# How much weight can I gypsy vanner carry?



## poops (20 September 2011)

Ok I know there are always lots of posts asking about weight so sorry to add another one!

As my daughter is away at Uni I am hoping to ride her 14.2 cob type. I will be hacking and doing a bit of flatwork - simple stuff as I am only a basic rider!

How much do you think she can carry? My daughter is 9 stone but I am more than that. I don't want to squash her.

Thank you


----------



## SusannaF (20 September 2011)

How much more? If it's the cob in your siggy, I spent my teens riding at 14.1hh cob type who was very similar and I weighed a couple of stone more than your daughter. He still tanked off with me on a regular basis  And he was in his twenties!


----------



## firstponyMinto (20 September 2011)

I'd say 12st easily, if they're fit & well even a bit more, my old cob of that size used to occasionally carry 14st, although that was just for a short, slow hack!


----------



## calon (20 September 2011)

cobs with ten inch of bone are able to carry in excess of 14 stone and  eight inch of bone upto 14 stone so wouldnt be worrying about nine stone hun


----------



## ischa (20 September 2011)

I think people tend to under estimate ponies and horses 
My mare who Ive just brought carried a weight of 16 stone 
She is a 14.3 Irish cob 





I would say a light/ medium carry up to 11-12 stone 
And heavy weight 14- 16 stone


----------



## poops (20 September 2011)

Thank you for your replies xxxx


----------



## Tickles (20 September 2011)

Well, I certianly wouldn't be putting 16 stone on even a heavy **14.2** cob. I know height doesn't relate the strength but it gives some kind of scaling.

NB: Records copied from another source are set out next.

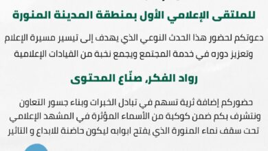 إدارة التحرير – المدينة المنورة تعتزم جمعية إعلاميو المدينة المنورة للإنتاج الإعلامي بالتعاون مع شركة الخبير القابضة إقامة أول ملتقى…
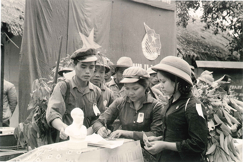 Thanh niên nô nức ghi tên tình nguyện đi chiến đấu.
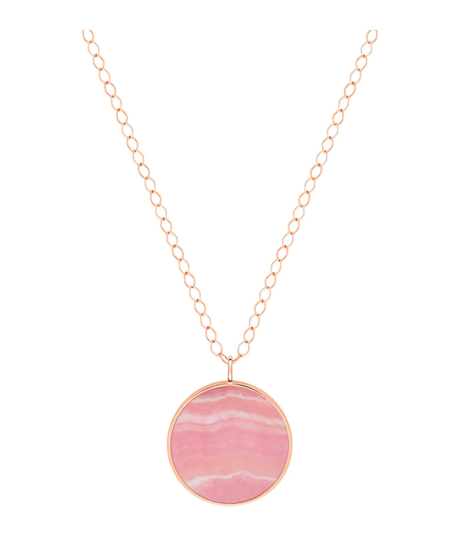 Collier sur chaîne en or rose avec pendentif en pierre de rhodochrosite rose . Fermoir classique avec contre-anneau et ressort.
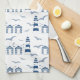 Cute serviette de cuisine illustrée, avec des cabanes de plage et des phares en bord de mer. Motif de plage bleue sur blanc. Idéal pour la maison de plage, cuisine côtière, ou n'importe où avec une plage ou le thème nautique.
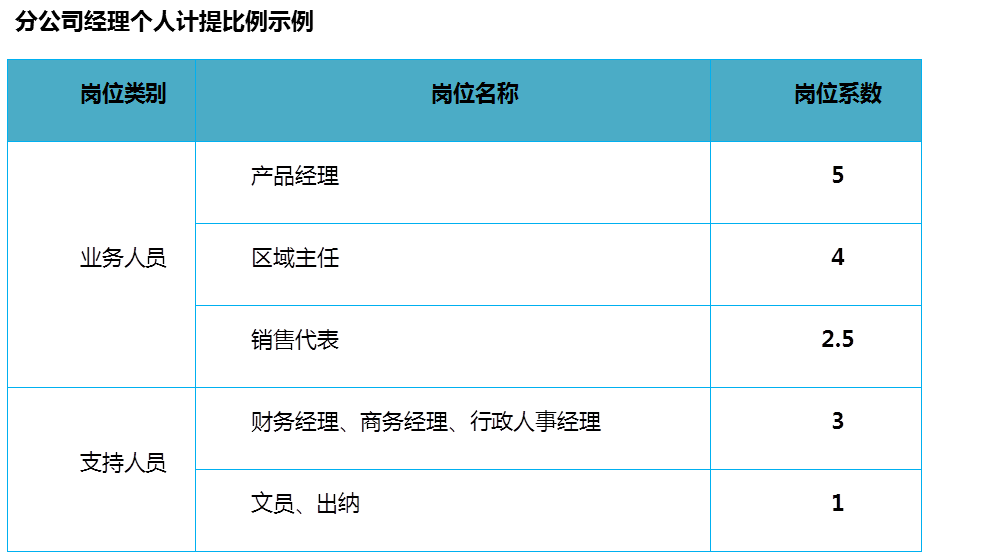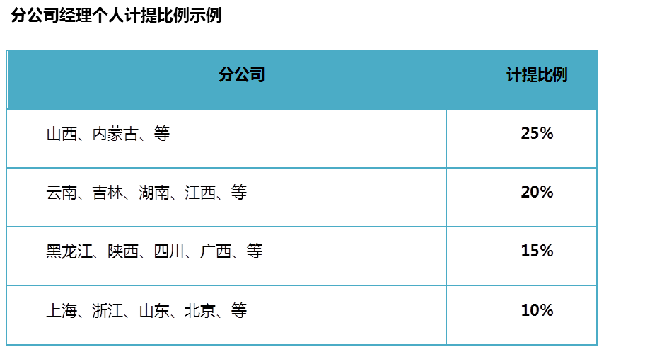 个人计提比例旨在调节分公司经理奖金的地区差,示例如下:
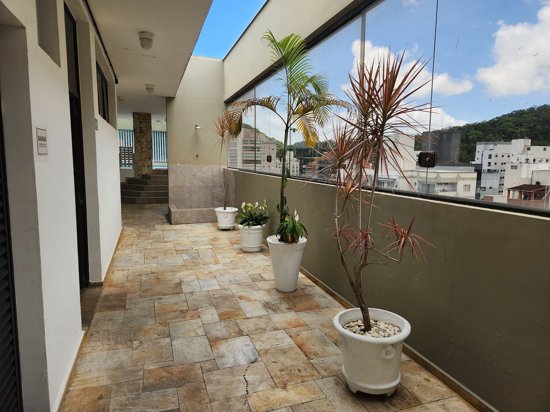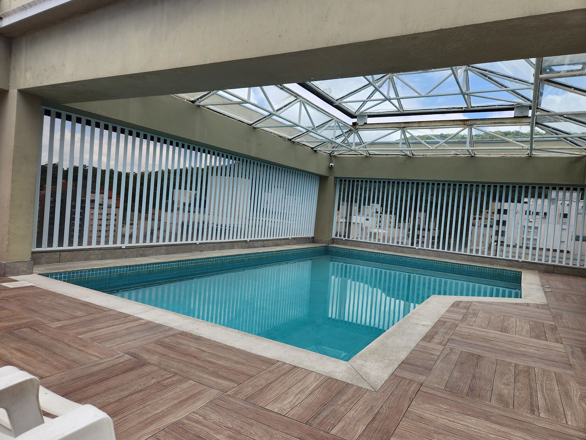 O condomínio inclui piscina climatizada, saunas úmida e seca e academia.
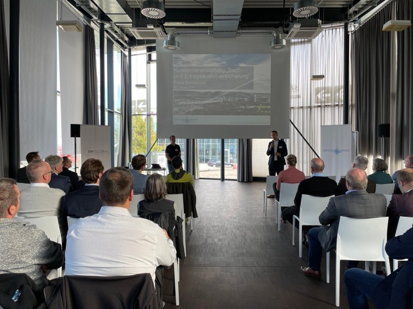 29. Oktober 2024 - Am 23.10.2024 fand unsere Kundenveranstaltung zum Thema Sach- und Ertragsausfallversicherung mit dem Schwerpunkt Brandschutz in der Motorworld Böblingen statt. Im stilvollen Ambiente des Terminal EINS fanden sich ca. 50 Teilnehmer zusammen, um über die aktuellen Entwicklungen im Bereich der brandschutztechnischen Anforderungen zu sprechen. Drei spannende Vorträge aus unterschiedlichen Blinkwinkeln gaben dabei wertvolle Impulse für den Alltag.

Personally I wouldn't want more than about 11 stone on a full-up pony/small horse cob for hacking and light flatwork.

Your pics aren't visible on the machine so I can't comment on those but as guide one of my fav hacking places (walk, some trot only occasional canter for ~4hrs/day max with one day off/week) puts nothing over 10stone, INCLUDING hat/boots/etc (they have a scales in the yard...), on cobs that size. And they do swap around so all get a break from novices with leaders riding them.

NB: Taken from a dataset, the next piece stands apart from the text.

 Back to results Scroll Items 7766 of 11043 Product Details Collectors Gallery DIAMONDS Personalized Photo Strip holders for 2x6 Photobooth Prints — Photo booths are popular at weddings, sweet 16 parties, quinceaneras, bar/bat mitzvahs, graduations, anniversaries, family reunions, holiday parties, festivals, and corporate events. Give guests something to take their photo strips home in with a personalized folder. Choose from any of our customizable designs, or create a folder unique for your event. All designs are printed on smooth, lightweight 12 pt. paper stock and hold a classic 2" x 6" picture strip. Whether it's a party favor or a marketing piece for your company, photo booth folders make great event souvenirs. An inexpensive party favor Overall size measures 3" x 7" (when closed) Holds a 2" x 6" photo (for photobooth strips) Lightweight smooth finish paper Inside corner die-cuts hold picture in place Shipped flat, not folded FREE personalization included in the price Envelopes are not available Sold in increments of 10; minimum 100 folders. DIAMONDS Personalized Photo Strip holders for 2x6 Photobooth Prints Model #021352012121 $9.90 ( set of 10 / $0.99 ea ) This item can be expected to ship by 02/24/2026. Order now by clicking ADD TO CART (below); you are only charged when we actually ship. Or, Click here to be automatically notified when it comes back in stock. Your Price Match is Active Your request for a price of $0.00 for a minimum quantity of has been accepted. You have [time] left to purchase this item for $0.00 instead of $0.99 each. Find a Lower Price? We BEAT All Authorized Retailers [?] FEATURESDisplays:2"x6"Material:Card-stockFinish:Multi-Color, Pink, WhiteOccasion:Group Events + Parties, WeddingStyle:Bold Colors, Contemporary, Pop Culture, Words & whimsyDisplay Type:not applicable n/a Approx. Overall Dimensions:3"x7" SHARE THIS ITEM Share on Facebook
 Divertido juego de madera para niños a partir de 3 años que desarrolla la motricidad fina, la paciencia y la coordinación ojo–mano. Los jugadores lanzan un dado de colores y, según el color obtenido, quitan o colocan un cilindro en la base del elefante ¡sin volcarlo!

Yours will likely to be able to cope with a bit more given lighter work load but on the other hand is probably slightly less fit with not being in regular work.

Maybe consider a tean/slight adult sharer for while your daughter is at uni?


----------



## BonneMaman (20 September 2011)

Tickles said:



			Well, I certianly wouldn't be putting 16 stone on even a heavy **14.2** cob. I know height doesn't relate the strength but it gives some kind of scaling.

Personally I wouldn't want more than about 11 stone on a full-up pony/small horse cob for hacking and light flatwork.

Your pics aren't visible on the machine so I can't comment on those but as guide one of my fav hacking places (walk, some trot only occasional canter for ~4hrs/day max with one day off/week) puts nothing over 10stone, INCLUDING hat/boots/etc (they have a scales in the yard...), on cobs that size. And they do swap around so all get a break from novices with leaders riding them.

Yours will likely to be able to cope with a bit more given lighter work load but on the other hand is probably slightly less fit with not being in regular work.

Maybe consider a tean/slight adult sharer for while your daughter is at uni?
		
Click to expand...

LOL - 11 st!  crikey, I think you might need to do you calculations a bit better.  It really does depend on the quality of the riding (ie. novices tend to be heavier in the seat) but a 14.2 with good bone can easily carry 12 or 13st with absolutely no problem.


----------



## MiJodsR2BlinkinTite (20 September 2011)

These gypsy vanner's are strong, tough little types and well up to weight so I wouldn't worry at all.

My 15hh cob has carried 16st hunting in the past and went fresh as a daisy at the end of the day.

These horses were bred to work and do heavy work, so don't need to be treated with kid gloves!


----------



## xTrooperx (20 September 2011)

i will have great interest watching this thread as i was told im to heavy to ride anything (just over 13 stone) so had to buy myslef a heavy horse. though i was sad about the cruel reactions some of us bigger riders get.


----------



## MiCsarah (20 September 2011)

My pony is 14.3 and is a lw cob. When I was fat when I was younger I was 13stone3 and he carried me just fine. Im now 91/2 stone and he feels no different to when I was fat


----------



## PapaFrita (20 September 2011)

Tickles said:



			Personally I wouldn't want more than about 11 stone on a full-up pony/small horse cob for hacking and light flatwork.
		
Click to expand...

A horse can comfortably carry 20% of his/her own (healthy) weight assuming said horse is fit and sound.


----------



## Theresa_F (20 September 2011)

Stinky is 14.3, has 9 3/4" of bone and happily carries 15 stone - I let a friend's hubby ride him and he went along very well.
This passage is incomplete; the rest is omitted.